John Lee Roche is one of the more
unsettling killers in the series pantheon. Of course, when the actor portraying
you is Tom Noonan, one of most unsettling and frightening character actors to
ever appear on screen, you can't help but be creeped out by what you see. What
makes it all the more unsettling the familiarity between the two when we first
see him in prison --- it's clear that Mulder and Roche regard each other as old
acquaintances. We don't know why we're so unsettled by him, until the series
points out the connection. It's done in a genius way, too, replaying the dream
sequence that we saw in Little Green Men but with a much more horrifying and
realistic ending. And the effect is actually overwhelming, because there is
something very frightening and yet alluring by the idea that Samantha was
killed this way, because this would bring peace and resolution. There's
something very unsettling about the idea that by the halfway point, we almost want it to be the truth, even though the
ending would be far more horrific than anybody deserves.
In a critical moment about halfway
through the episode, Mulder asks Scully point blank whether she ever believed
that his sister was abducted by aliens---- and she can only answer with silence. Scully finds
herself playing skeptic, but this time it goes against her nature---- we know
she probably believes something like this happen, but she just can not give
into the idea of Roche's manipulations.
David Duchovny gives one of the
greatest performances he will ever give as Mulder tormented to his absolute
limits of his psyche. Throughout Season 4, we've seen how Mulder's
single-mindedness has made him seem selfish and reckless at times. This is the
first episode that demonstrates just how destructive it is, only this time,
it's more appalling because the main victim for most of the episode is himself.

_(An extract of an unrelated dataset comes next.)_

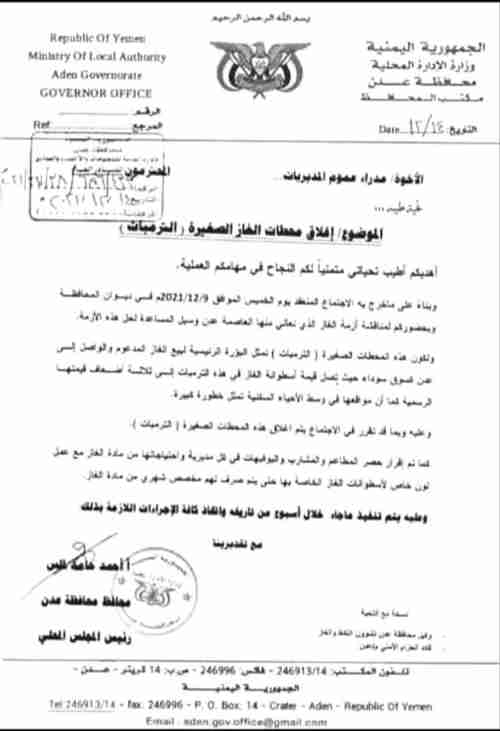الوثيقة، التي تحمل تاريخ 15 ديسمبر 2021، تؤكد توجيهات المحافظ بإغلاق محطات الغاز الصغيرة بسبب مخاطرها الكبيرة على سلامة السكان في المناطق السكنية، وقد حث المحافظ على تنفيذ هذه القرارات خلال أسبوع من تاريخ التوجيه واتخاذ كافة الإجراءات اللازمة لضمان سلامة المواطنين.

The beating of Roche is only the start of Mulder's terrible behavior, and we
see how far down the road he's willing to go when he signs a serial killer out
of prison, loses his gun and badge, and ends up setting Roche free in order to
kidnap and kill one more innocent child.
Considering how badly Mulder comes
off, it's astonishing how many great moments there are in this episode. His increasing desperation when he finds
Roche's cloth hearts, counts them, and learns that there were three more
victims than he thought he had. The franticness with which he digs up the dirt
when he sees the words 'MAD HAT' at the burial site of one of those bodies. The
utter despair as he approaches that same body in the morgue, followed by
elation and then despair again when he realizes that the victim is not
Samantha. His righteous anger when, after Roche goes into great detail about
the killing, he tells him that he's in the wrong house. The desperation when he
sees Samantha in Roche's car, his joy when he frees her--- only to learn it's
just another fantasy. The utter shame on his face as he tells the woman in
charge of a day care that she's not responsible for letting a child be handed
to her. The fear when he finds himself faced with another impossible choice in
the final scene with Roche, when he makes the right choice---- but that choice
is to shoot Roche in the head. No wonder Mulder looks so utterly worn down in
the final scene when Scully tells him that they may never known where the last
heart comes from--- he has been put through the ultimate ringer.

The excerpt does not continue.